Exercise directions – Using the listing below, retype exactly the lines starting at the one with "Rivaldo inicia recuperação do seu joelho hoje" and ending at the one with "Treinador da seleção", and include both.

START Data for this exercise

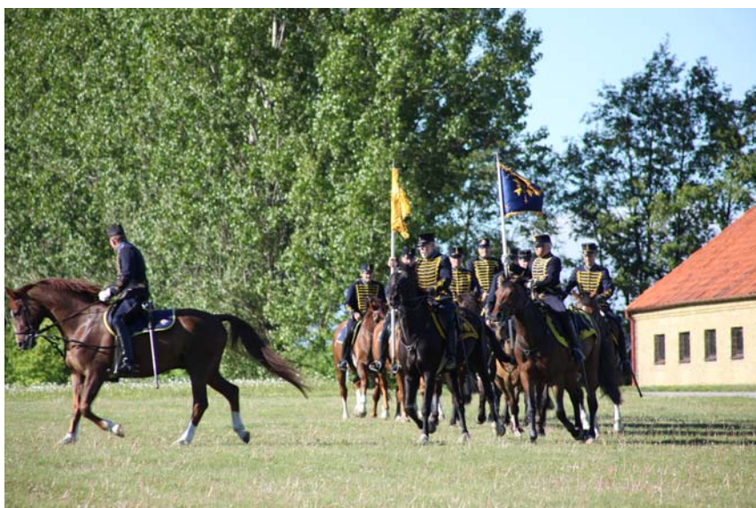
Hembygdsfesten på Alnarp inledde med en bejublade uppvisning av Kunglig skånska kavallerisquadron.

END Data for this exercise
START Data for this exercise

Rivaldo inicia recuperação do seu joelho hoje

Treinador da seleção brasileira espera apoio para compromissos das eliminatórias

END Data for this exercise

Result of this task –
Rivaldo inicia recuperação do seu joelho hoje

Treinador da seleção brasileira espera apoio para compromissos das eliminatórias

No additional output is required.